Ok, so that part is really scary.  The internet can be mean.  But it can also be awesome.  And, let’s face it, this blog doesn’t really get enough traffic to get trolled, so here goes!

My wishes are:

1.  To have a piece of my jewelry worn at a big event like the Hugo Awards dinner or the Academy Awards.  (Yeah, that first one would be cooler to me than the second.)

I’m going to be reasonable here.  I really want to say, to get a novel published.  But, what I’m going to say is:
2.  To finish working on a novel and actually get feedback from an industry professional – agent, editor, or previously published author.  (I’m actually semi-close to this one.  The Wells Brothers (Dan and Rob) and their friend Marion Jensen have a Kickstarter project going right now.  If it gets funded Rob Wells will critique 50 pages of my novel!  Yes, I’m buying a wish, but only if the Kickstarter gets funded.)
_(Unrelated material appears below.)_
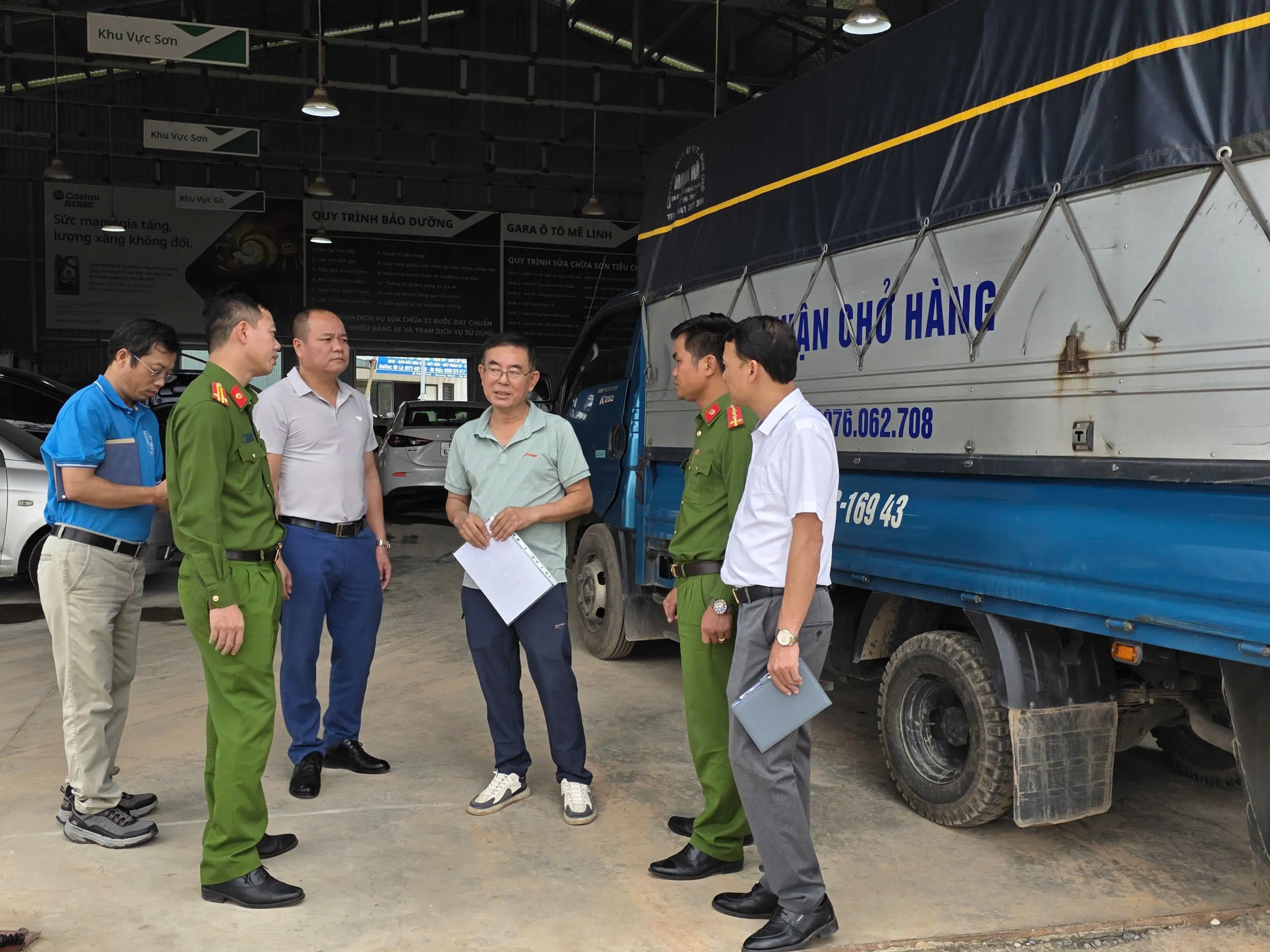 Đoàn kiểm tra tại một gara ôtô trên địa bàn xã Quang Minh.

3.  To someday be enough of an Industry Professional to be a guest on the SF Squeecast.  (Granted, for this one to happen #2 kind of needs to happen first, but there are other paths to becoming a professional.  Sort of.)

 

brandon

I have lots of other wishes that involve meeting authors, but I didn’t put them down here because I do go to conventions and twitter is magical already, so lots of those wishes are coming true at an astounding rate.  I got to meet Seanan McGuire, Alex Bledsoe, and Brandon Sanderson at JordanCon.
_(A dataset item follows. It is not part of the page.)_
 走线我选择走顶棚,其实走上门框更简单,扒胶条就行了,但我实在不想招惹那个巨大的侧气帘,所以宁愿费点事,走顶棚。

I’ll meet Mary Robinette Kowal later this year when she comes to do a signing at Little Professor (It’s September 14.  You should come.  It’s also going to be my birthday party.  So you should really come!  There will be cake!)
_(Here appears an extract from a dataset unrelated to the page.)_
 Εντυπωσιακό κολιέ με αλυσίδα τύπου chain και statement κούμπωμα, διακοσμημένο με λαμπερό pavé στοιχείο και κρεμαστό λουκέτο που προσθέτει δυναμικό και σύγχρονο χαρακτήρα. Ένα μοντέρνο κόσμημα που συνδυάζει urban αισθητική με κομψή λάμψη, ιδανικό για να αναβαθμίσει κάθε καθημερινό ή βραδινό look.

I’ve met Dan Wells and Jonathan Maberry thanks to DragonCon.  Now, I just need to meet Emma Newman herself and Stephanie Burgis.  And Paul Cornell.  And Nick Harkaway.  (All of these people are across the pond, which makes it more difficult, but I have faith in my own ingenuity and my Virgin Atlantic points to make it happen someday.)
Twitter really has been amazing when it comes to connecting with authors.  If you have someone you admire, shoot them a tweet.  They’re fairly likely to at least say “Thank you” and that can give you a little glow all day.

 

“These three wishes are part of a wish-making community organized by author Emma Newman to celebrate the release of the second Split Worlds novel “Any Other Name”. Can you make any of them come true? Come and see what other people are wishing for and find out how to join in at www.splitworlds.com/split-worlds-extra/three-wishes – who know, perhaps someone could make one of your wishes come true.”

 

Bout of Books 7.0

April 29, 2013

So, Bout of Books is rolling around again.  Here is my official sign up post:

 

The Bout of Books read-a-thon is organized by Amanda @ On a Book Bender and Kelly @ Reading the Paranormal. It is a week long read-a-thon that begins 12:01am Monday, May 13th and runs through Sunday, May 19th in whatever time zone you are in. Bout of Books is low-pressure, and the only reading competition is between you and your usual number of books read in a week. There are challenges, giveaways, and a grand prize, but all of these are completely optional. For all Bout of Books 7.0 information and updates, be sure to visit the Bout of Books blog. – From the Bout of Books team

So, it’s going to be pretty awesome.  I don’t think I’m going to try to do a theme this year since I scrapped it pretty quickly last year.  I’m going to commit to 5 books, but with a hope to stretch that out to 10.  We’ll see how well it goes.  Also, I should be hosting a challenge on Tuesday, May 14.  Anyone can play, but you have to be officially signed up for the Bout of Books to win.  More details will come later!